**Work to complete**
Each line starting at the one that contains "Play版顶部只有直播、推荐以及热门三个板块;底部 Tab 栏只有首页、动态以及个人主页三个板块。" and ending at the one that contains "xx 20*Twenty*20*Twenty*20) |" must be returned exactly, and the rest of the listing is left out.

**Material for the task**
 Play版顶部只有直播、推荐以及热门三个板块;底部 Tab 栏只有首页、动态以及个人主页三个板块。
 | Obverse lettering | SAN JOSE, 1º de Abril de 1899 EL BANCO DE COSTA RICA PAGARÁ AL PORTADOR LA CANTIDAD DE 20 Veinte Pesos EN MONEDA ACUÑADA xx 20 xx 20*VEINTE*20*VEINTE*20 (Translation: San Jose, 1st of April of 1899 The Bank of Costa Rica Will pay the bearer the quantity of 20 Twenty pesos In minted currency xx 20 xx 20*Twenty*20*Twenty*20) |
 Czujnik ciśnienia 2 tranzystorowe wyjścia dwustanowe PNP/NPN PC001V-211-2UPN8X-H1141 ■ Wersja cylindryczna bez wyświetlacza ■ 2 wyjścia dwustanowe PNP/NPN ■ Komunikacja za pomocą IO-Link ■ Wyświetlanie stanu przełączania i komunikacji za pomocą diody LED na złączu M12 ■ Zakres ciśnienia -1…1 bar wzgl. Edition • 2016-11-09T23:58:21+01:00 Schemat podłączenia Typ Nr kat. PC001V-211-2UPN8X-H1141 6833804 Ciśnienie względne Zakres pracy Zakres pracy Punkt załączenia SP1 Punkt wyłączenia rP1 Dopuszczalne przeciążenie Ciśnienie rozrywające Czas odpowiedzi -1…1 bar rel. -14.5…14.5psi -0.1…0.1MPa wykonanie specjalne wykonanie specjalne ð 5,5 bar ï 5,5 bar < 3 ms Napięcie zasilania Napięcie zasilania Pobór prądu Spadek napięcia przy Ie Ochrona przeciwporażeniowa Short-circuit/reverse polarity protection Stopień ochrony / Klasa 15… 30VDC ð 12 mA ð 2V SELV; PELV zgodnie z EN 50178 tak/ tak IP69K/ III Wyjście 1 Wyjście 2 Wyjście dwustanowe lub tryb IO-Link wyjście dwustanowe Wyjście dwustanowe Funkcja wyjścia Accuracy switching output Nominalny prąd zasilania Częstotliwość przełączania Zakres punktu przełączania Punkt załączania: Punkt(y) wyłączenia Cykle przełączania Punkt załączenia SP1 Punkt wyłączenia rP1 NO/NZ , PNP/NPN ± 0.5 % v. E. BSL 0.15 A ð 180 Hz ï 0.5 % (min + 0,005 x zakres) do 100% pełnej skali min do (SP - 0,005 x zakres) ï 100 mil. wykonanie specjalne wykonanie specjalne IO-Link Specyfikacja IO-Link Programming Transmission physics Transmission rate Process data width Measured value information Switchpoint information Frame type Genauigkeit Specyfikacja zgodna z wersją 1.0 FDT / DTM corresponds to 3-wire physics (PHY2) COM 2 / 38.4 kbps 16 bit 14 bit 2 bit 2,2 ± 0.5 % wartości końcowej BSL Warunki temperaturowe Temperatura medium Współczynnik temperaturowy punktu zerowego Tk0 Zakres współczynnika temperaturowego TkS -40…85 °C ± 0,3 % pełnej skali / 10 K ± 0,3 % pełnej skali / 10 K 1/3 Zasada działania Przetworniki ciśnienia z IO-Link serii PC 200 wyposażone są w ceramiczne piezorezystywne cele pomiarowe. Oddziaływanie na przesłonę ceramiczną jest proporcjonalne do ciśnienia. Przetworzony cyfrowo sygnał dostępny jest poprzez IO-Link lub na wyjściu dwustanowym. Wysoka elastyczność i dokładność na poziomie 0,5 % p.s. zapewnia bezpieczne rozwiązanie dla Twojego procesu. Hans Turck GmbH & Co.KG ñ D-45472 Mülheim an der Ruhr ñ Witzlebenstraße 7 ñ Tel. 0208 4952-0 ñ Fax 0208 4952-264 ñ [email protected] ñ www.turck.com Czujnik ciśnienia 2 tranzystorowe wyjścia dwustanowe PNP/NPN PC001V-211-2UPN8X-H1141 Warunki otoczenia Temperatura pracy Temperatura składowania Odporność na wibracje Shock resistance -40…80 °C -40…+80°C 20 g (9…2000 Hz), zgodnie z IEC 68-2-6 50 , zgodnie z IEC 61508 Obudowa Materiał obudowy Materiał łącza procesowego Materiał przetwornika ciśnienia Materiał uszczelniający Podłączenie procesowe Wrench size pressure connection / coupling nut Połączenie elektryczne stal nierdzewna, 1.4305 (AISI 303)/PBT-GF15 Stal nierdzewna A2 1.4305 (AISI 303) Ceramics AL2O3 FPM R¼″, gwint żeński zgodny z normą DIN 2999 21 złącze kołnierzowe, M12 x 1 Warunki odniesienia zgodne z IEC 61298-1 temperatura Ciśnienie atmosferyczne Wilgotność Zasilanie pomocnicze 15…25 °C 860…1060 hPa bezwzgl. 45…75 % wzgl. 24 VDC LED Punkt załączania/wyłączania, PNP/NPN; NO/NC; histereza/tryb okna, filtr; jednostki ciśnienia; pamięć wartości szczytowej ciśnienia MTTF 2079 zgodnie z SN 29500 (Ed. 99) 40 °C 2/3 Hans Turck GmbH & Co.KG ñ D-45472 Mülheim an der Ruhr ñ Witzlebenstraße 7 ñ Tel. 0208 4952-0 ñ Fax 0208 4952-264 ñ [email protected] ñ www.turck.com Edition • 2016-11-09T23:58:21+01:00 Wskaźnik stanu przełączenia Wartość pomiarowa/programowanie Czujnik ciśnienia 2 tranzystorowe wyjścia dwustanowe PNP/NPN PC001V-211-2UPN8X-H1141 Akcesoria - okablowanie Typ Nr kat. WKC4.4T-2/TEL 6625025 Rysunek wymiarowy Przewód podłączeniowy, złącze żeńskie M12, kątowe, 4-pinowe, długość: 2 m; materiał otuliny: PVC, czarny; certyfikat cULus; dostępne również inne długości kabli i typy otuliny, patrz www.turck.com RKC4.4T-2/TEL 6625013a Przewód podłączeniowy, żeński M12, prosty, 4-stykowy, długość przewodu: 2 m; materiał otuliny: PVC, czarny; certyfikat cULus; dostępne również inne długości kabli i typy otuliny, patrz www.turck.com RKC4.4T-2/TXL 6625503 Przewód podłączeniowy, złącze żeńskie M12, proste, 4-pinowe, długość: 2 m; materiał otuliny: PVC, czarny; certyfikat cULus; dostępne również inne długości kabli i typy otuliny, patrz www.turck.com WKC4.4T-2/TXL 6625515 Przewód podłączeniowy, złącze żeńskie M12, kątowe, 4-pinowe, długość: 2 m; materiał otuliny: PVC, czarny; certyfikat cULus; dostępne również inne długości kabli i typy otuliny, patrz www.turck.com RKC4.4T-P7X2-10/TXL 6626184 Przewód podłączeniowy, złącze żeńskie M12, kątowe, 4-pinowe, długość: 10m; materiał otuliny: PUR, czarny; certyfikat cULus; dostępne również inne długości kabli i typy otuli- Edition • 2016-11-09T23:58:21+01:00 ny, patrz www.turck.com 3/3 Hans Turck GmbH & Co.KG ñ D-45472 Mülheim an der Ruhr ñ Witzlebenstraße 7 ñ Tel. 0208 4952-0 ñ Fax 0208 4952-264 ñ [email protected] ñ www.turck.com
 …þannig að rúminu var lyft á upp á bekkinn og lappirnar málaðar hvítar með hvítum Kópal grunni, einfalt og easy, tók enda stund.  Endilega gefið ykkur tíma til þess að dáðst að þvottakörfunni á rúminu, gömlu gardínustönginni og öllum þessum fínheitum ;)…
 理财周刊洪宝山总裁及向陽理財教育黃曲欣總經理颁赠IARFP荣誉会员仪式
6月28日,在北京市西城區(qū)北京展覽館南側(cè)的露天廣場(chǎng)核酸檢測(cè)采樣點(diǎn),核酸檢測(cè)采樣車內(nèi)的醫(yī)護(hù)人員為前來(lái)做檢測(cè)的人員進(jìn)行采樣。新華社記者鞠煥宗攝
--
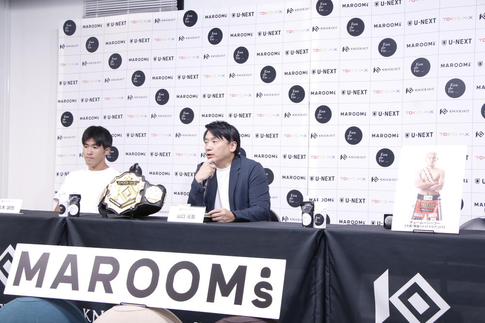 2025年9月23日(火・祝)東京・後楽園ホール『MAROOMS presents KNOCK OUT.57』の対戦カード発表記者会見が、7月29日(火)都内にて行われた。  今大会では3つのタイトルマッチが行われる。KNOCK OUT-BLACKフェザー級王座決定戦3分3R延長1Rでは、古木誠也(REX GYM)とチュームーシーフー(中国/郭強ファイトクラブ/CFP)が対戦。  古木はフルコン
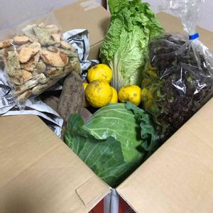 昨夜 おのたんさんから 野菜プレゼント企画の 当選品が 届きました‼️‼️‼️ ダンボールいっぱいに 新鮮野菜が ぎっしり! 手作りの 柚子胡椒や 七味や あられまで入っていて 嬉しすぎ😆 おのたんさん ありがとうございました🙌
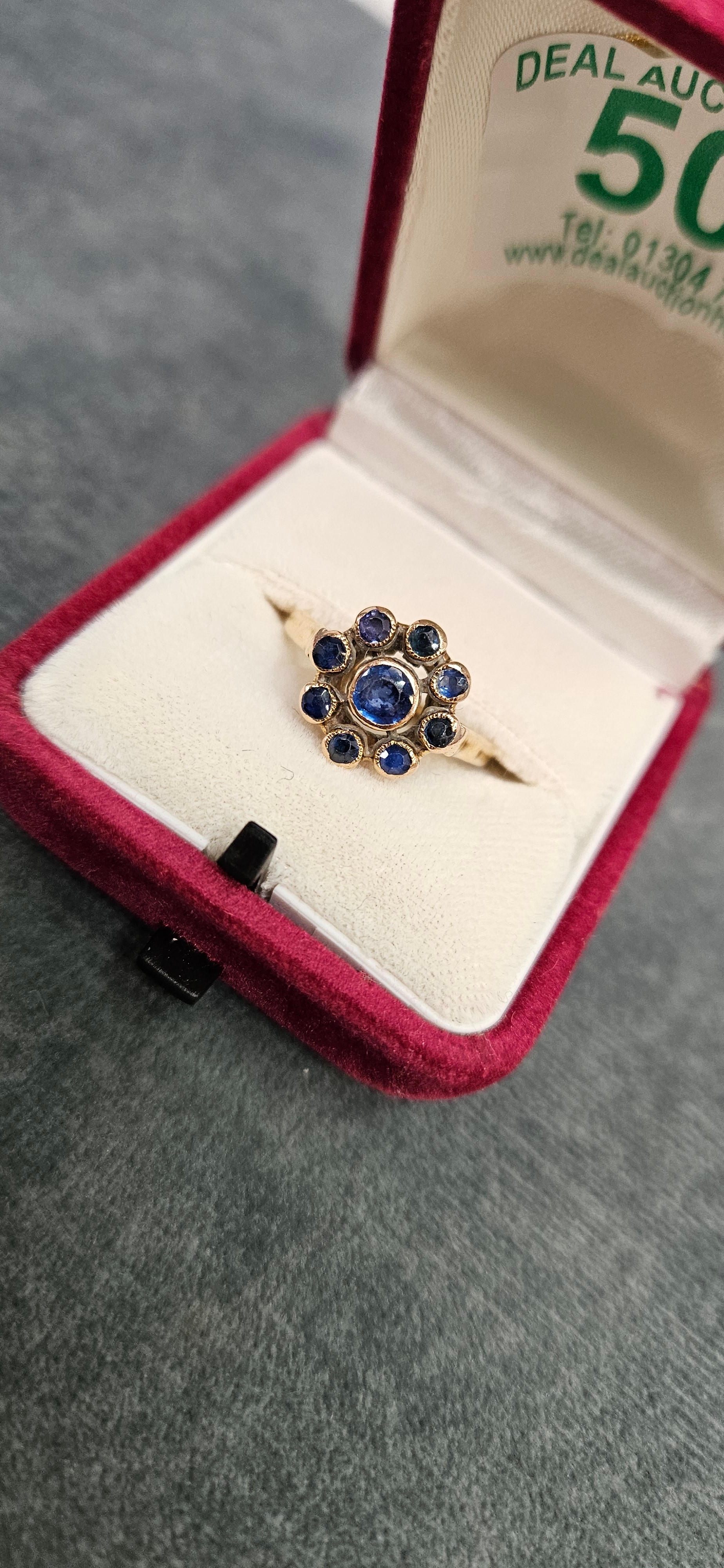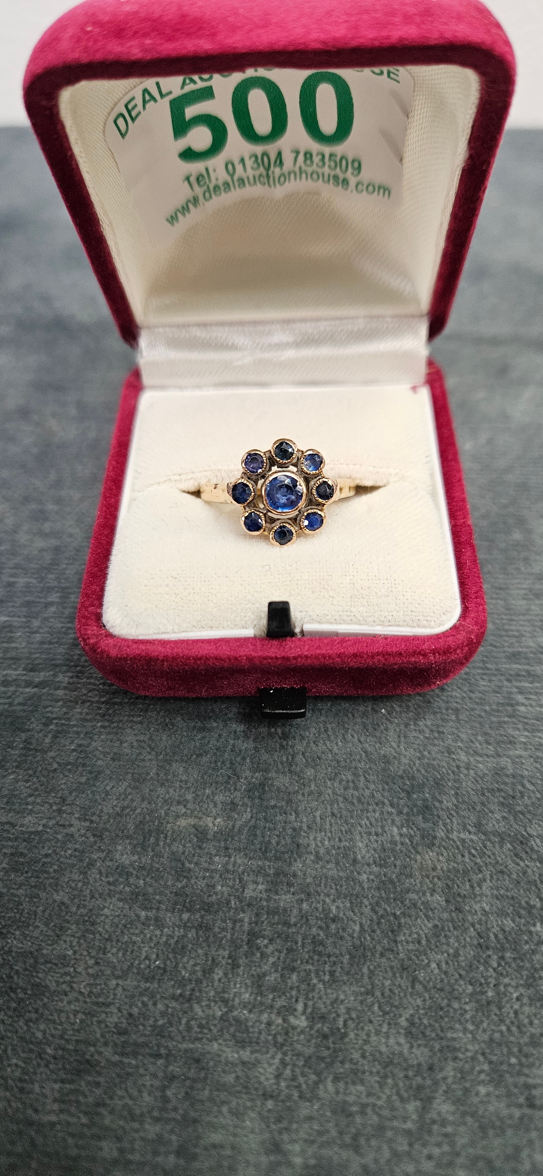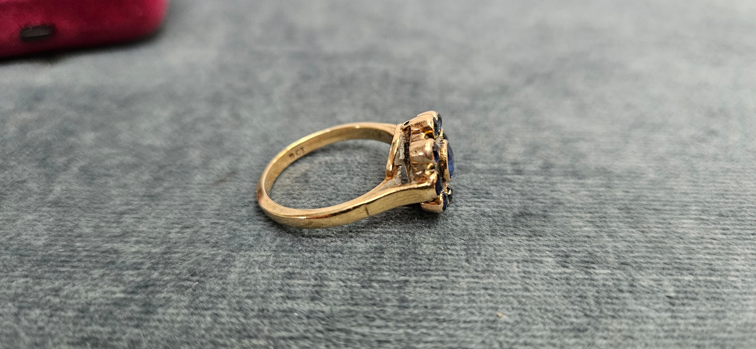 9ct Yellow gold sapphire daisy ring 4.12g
==
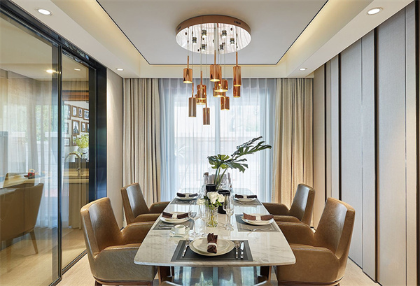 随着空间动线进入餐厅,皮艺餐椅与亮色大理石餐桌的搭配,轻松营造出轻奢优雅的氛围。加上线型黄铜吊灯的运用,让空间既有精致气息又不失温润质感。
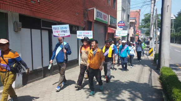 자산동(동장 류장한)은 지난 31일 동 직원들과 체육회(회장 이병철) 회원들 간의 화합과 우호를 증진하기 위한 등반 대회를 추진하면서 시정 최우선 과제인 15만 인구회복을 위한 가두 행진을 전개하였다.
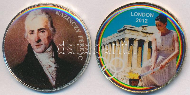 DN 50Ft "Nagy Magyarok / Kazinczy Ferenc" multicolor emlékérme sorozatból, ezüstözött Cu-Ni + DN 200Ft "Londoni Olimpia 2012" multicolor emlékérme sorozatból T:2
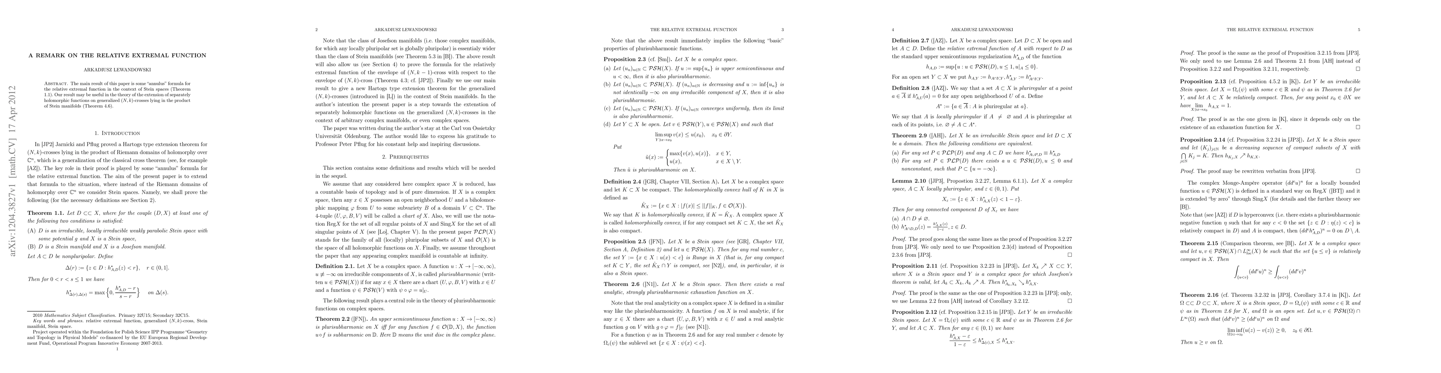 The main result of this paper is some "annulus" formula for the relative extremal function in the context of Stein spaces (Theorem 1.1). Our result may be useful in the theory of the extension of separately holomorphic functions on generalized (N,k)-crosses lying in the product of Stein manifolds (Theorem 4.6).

**Completed exercise**
 Play版顶部只有直播、推荐以及热门三个板块;底部 Tab 栏只有首页、动态以及个人主页三个板块。
 | Obverse lettering | SAN JOSE, 1º de Abril de 1899 EL BANCO DE COSTA RICA PAGARÁ AL PORTADOR LA CANTIDAD DE 20 Veinte Pesos EN MONEDA ACUÑADA xx 20 xx 20*VEINTE*20*VEINTE*20 (Translation: San Jose, 1st of April of 1899 The Bank of Costa Rica Will pay the bearer the quantity of 20 Twenty pesos In minted currency xx 20 xx 20*Twenty*20*Twenty*20) |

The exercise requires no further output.